_The task_
Set the data below down again, exactly, with every picture left out.
──────── Stored data
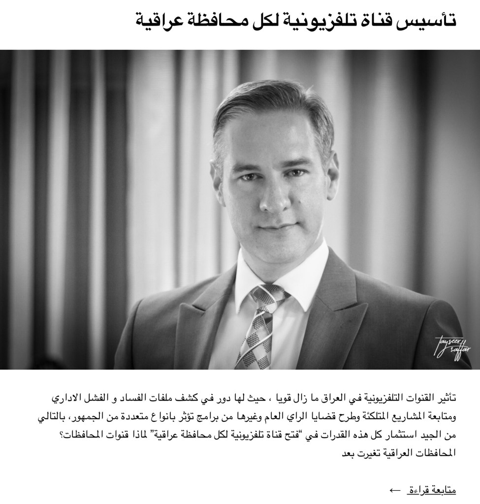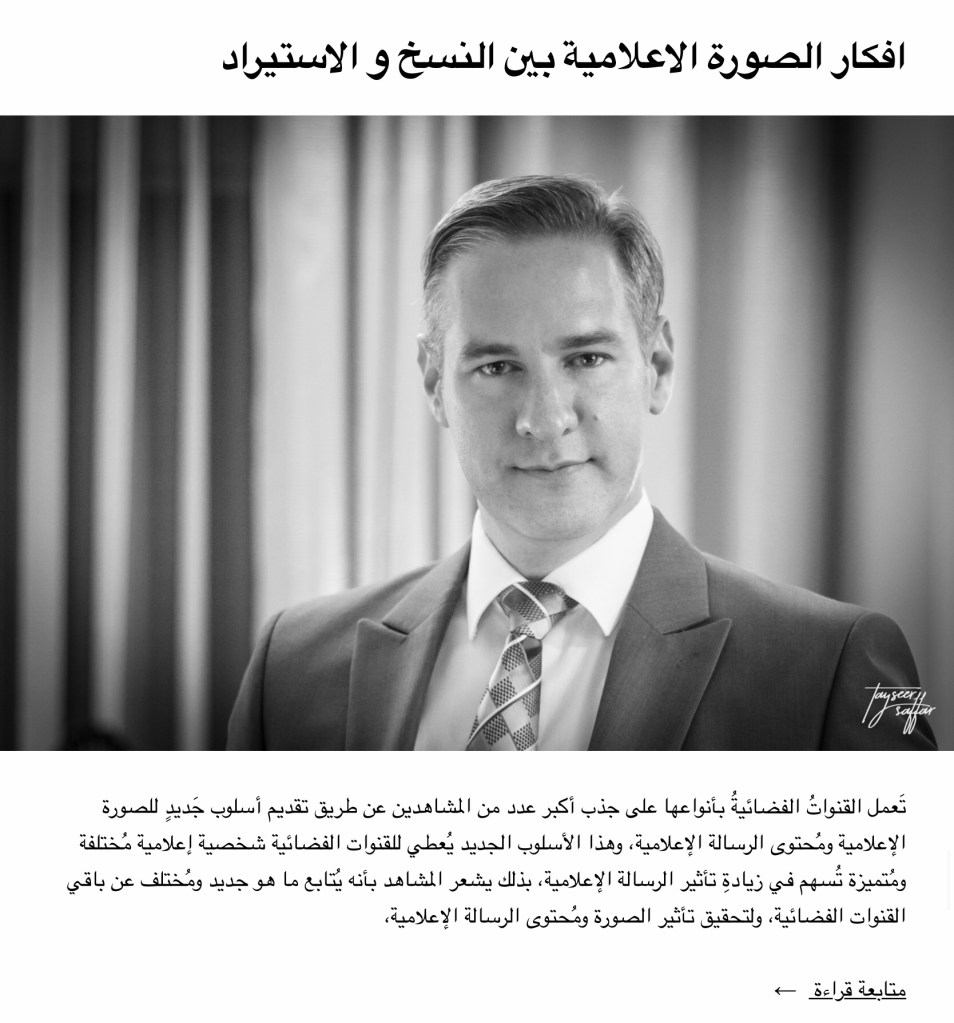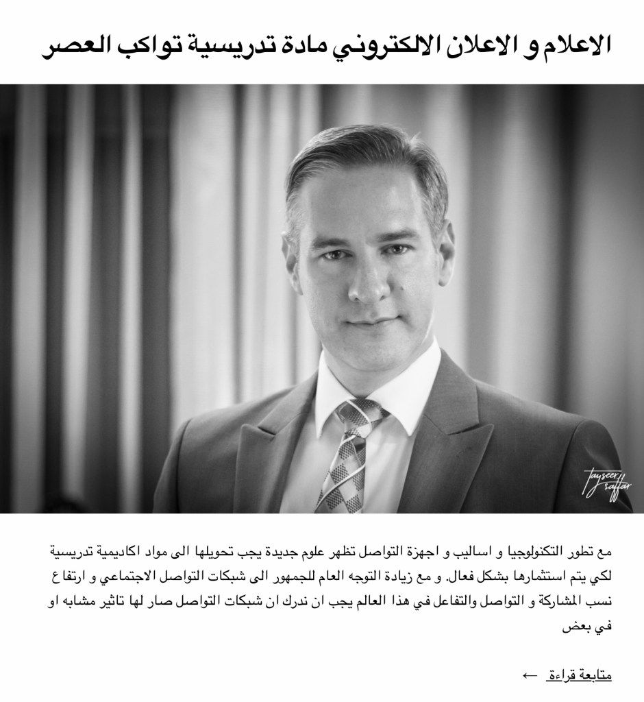 مقالات اعلامية مجموعة من المقالات الاعلامية العملية و النظرية التي تشمل مجالات عدة للاعلام، كانت نتاج خبرة الاعلامي حسام الطائي لاكثر من ١٠ سنوات اضغط على الصورة لقراءة المقال كاملا شارك هذا الموضوع: شارك على فيسبوك (فتح في نافذة جديدة) فيس بوك المشاركة على X (فتح في نافذة جديدة) X مشاركة على واتساب (فتح في نافذة جديدة) WhatsApp مشاركة على تيليجرام (فتح في نافذة جديدة) Telegram Share on LinkedIn (فتح في نافذة جديدة) LinkedIn اطبع (فتح في نافذة جديدة) طباعة Email a link to a friend (فتح في نافذة جديدة) البريد الإلكتروني إعجاب تحميل...
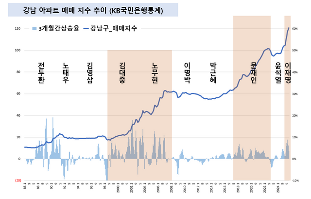 'KB 강남 아파트 매매 지수 추이 그래프'를 보면 1988년 이후 강남 아파트 시장의 장기적인 가격 폭등 추이를 정권별로 정확히 보여주고 있다.
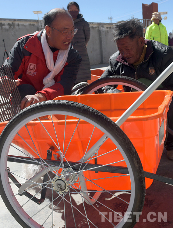 這是唐召明(左)在雙湖縣嘎措鄉(xiāng)一村指導他30多年前的房東、藏族牧民朋友日瑪(右)安裝北京建藏援藏工作者協(xié)會贈送的高原撿拾車(楊月云2019年9月20日攝)
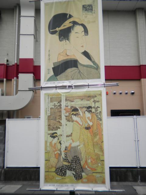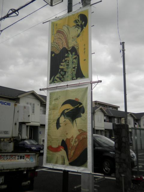 スタッフブログ 2012年10月31日みつわ横町歌麿通り商店会所有の、歌麿の浮世絵を街路灯に取り付け
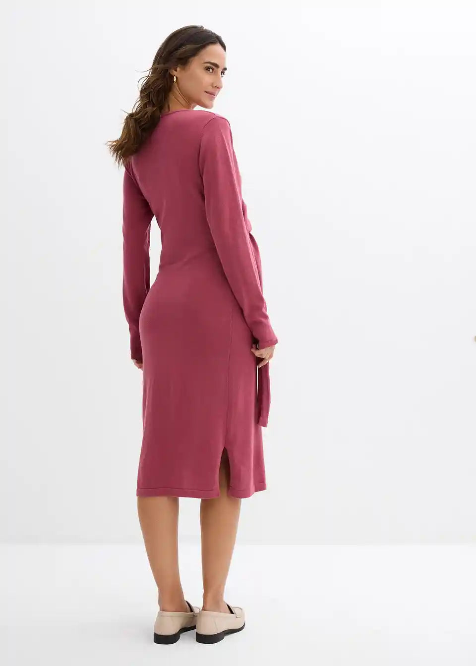 Dugih rukava midi haljina od mekane pamučne pletenine
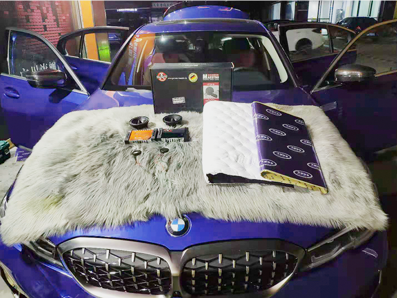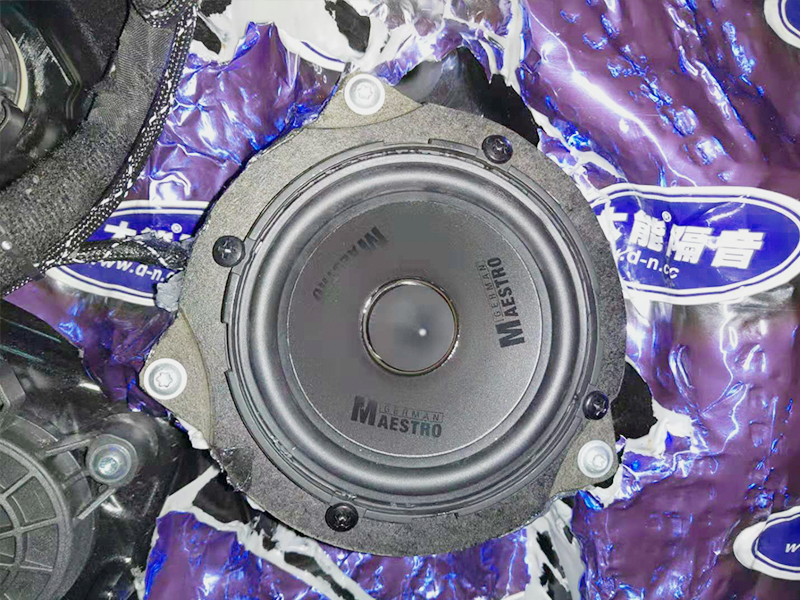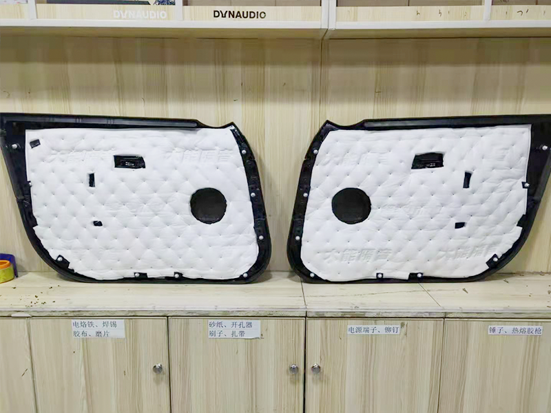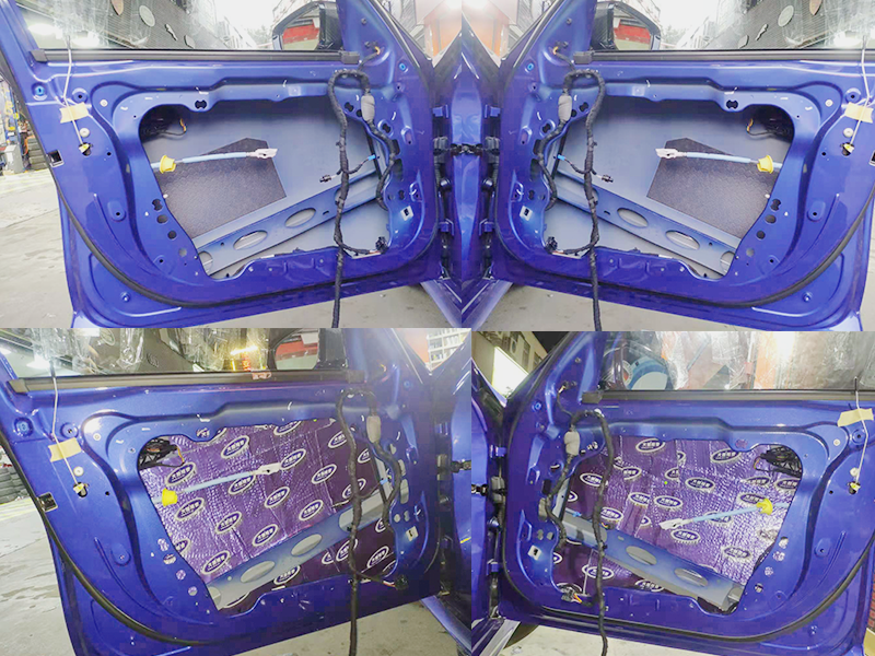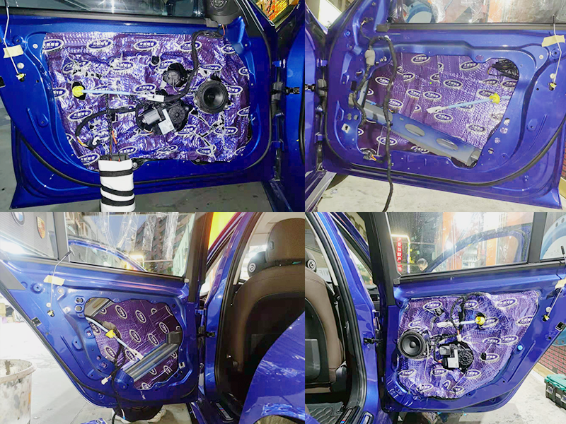 原車單一的鐵皮是音質不夠渾厚的直接原因。為了減少共振和防止聲音的擴散。這里我們使用了大能藍金剛膜隔音和加厚了鐵皮。
────────────────
_Response box_
 مقالات اعلامية مجموعة من المقالات الاعلامية العملية و النظرية التي تشمل مجالات عدة للاعلام، كانت نتاج خبرة الاعلامي حسام الطائي لاكثر من ١٠ سنوات اضغط على الصورة لقراءة المقال كاملا شارك هذا الموضوع: شارك على فيسبوك (فتح في نافذة جديدة) فيس بوك المشاركة على X (فتح في نافذة جديدة) X مشاركة على واتساب (فتح في نافذة جديدة) WhatsApp مشاركة على تيليجرام (فتح في نافذة جديدة) Telegram Share on LinkedIn (فتح في نافذة جديدة) LinkedIn اطبع (فتح في نافذة جديدة) طباعة Email a link to a friend (فتح في نافذة جديدة) البريد الإلكتروني إعجاب تحميل...
 'KB 강남 아파트 매매 지수 추이 그래프'를 보면 1988년 이후 강남 아파트 시장의 장기적인 가격 폭등 추이를 정권별로 정확히 보여주고 있다.
 這是唐召明(左)在雙湖縣嘎措鄉(xiāng)一村指導他30多年前的房東、藏族牧民朋友日瑪(右)安裝北京建藏援藏工作者協(xié)會贈送的高原撿拾車(楊月云2019年9月20日攝)
 スタッフブログ 2012年10月31日みつわ横町歌麿通り商店会所有の、歌麿の浮世絵を街路灯に取り付け
 Dugih rukava midi haljina od mekane pamučne pletenine
 原車單一的鐵皮是音質不夠渾厚的直接原因。為了減少共振和防止聲音的擴散。這里我們使用了大能藍金剛膜隔音和加厚了鐵皮。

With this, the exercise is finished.